What We Are Doing to Children
One woman's story
This is a story from a woman in the UK about what she observed on a bus that should really resonate with any of us with children or grandchildren. This is a summary of her words, which I felt were important enough to share.
A few weeks ago, I witnessed something small that felt uncomfortably large.
I was standing on a crowded bus in London, watching a young man and a young woman seated side by side. Both were attractive, professional-looking, and absorbed in their phones. Nothing unusual—until I noticed they were each scrolling through dating apps, studying profiles of people who looked remarkably like the person sitting next to them.
When the bus stopped, they got up and walked away in opposite directions. They never once acknowledged each other’s presence.
They were physically close, both looking for connection, and completely unaware of the human being beside them.
That moment has stayed with me, because it reflects something deeper and more troubling—especially when it comes to children.
We are told that screens connect us. In some ways, they do. But when digital engagement replaces awareness of the people directly in front of us, something vital is lost. And when that trade-off becomes the default environment of childhood, the consequences are no longer subtle.
Across classrooms and playgrounds, something has shifted. Teachers report children who are distracted during lessons and oddly silent during breaks. The noisy exuberance of childhood—the running, shouting, arguing, imagining—has been replaced with anxiety, irritability, and withdrawal. Many children now appear overstimulated yet under-engaged, constantly distracted but rarely fulfilled.
This is not simply a cultural change. It is a neurological one.
The data is increasingly difficult to ignore. Rates of anxiety, depression, self-harm, eating disorders, and suicide among children and teenagers have risen sharply over the past decade. Social media and excessive screen exposure are now widely cited as major contributing factors. Children are spending hours each day in digital environments that their developing brains are not equipped to process safely.

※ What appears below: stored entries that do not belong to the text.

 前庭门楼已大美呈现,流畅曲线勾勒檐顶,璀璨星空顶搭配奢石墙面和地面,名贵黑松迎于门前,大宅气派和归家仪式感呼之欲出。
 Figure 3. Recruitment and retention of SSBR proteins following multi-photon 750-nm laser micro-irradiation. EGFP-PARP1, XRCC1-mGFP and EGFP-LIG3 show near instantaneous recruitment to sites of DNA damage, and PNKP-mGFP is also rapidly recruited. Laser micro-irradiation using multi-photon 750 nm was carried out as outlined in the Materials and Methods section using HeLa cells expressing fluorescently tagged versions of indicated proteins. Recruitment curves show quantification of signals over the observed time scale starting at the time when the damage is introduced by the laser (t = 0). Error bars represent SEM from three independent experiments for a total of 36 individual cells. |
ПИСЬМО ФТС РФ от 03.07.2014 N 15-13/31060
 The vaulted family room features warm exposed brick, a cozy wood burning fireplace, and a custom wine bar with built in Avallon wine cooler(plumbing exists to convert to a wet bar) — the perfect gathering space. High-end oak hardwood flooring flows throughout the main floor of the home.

Screen time also comes with an often-overlooked cost: displacement. Time spent on screens is time not spent reading, playing outdoors, drawing, imagining, or being bored—an essential condition for creativity. Childhood used to include long stretches of unstructured time. Today, those spaces are increasingly filled by devices designed to capture attention and stimulate dopamine, not to nurture growth.

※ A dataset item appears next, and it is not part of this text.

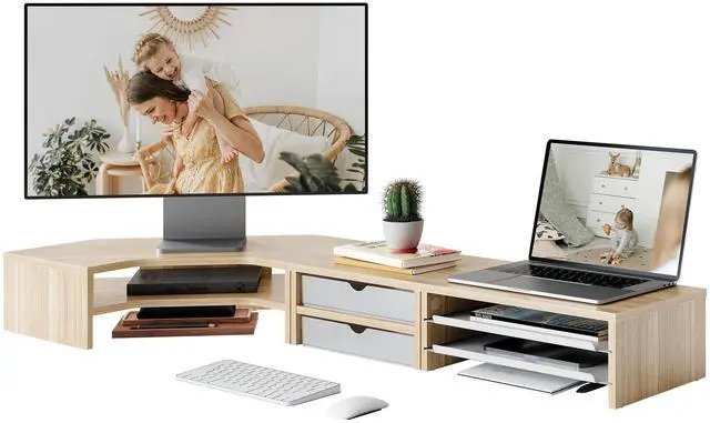 Empower Your Productivity & Creativity: Fenge 43.8 inch extra large dual monitor stand designed for peak productivity. Its expansive surface easily fits two 27-inch screens side-by-side, and elevating your screens 5.3 inches, Fenge triangle monitor shelf helps align your line of sight with the display center. effectively reducing neck and shoulder strain during long working hours ^^ 15 Minutes to

Even very young children are affected. Toddlers are regularly subdued with screens in public spaces, despite being naturally curious about faces, movement, sounds, and surroundings. This early substitution of digital stimulation for human interaction is associated with delayed speech, impaired emotional regulation, and reduced cognitive development.
And yet, we continue to double down.
Screens are now deeply embedded in schools under the banner of “educational technology.” Tablets, laptops, smart boards, and AI-driven learning platforms are presented as progress, even as research increasingly shows they often impair learning rather than improve it. Reading comprehension, focus, memory, and deep understanding all suffer when learning shifts from page to screen.
Countries that have taken a hard look at the evidence are beginning to reverse course—returning to books, handwriting, and teacher-led instruction. Even leaders of the technology industry have publicly limited screen use for their own children. That alone should give us pause.
The human brain is not designed for constant stimulation. It strengthens through sustained attention, effort, and deep thinking. Screens encourage the opposite: rapid switching, shallow engagement, and dependency. When learning becomes frictionless, it also becomes thinner.
What makes this especially concerning is that children have no real choice in the matter. They inherit the environments adults create. When those environments prioritize convenience, novelty, or profit over development and well-being, children pay the price.
This is not an argument against all technology. It is an argument for restraint, intention, and humility. Technology should be a tool—not a default setting. Childhood should not be a live experiment run by companies whose primary obligation is to shareholders.
If we want a generation capable of focus, empathy, creativity, and responsibility, we must rethink what we are normalizing. Instead of demanding endless proof that screens are harmful, perhaps we should ask a simpler question:
Where is the evidence that what we are doing to children is safe?
If we are willing to slow down, reconsider, and put human development back at the center of education and parenting, there is still time to change course. Childhood does not have to be surrendered to glowing rectangles. It can be reclaimed—quietly, deliberately, and with care.




Time to start offering these blogs to actual print newspapers as perhaps a weekly column ? Your material would be a good fit and would get reader OFF THE SCREEN LOL
Loved it! So busy being pulled into the hypnotic world of a glowing screen with moving pictures that we lose our connection to life. We all fall victim to it at times, sometimes we seek it out like when we go to the movies. Everything in moderation as they say. When I was young I did not have a miniature color TV in my pocket with unlimited programming to tempt me into spending to much time with it. For that I am grateful.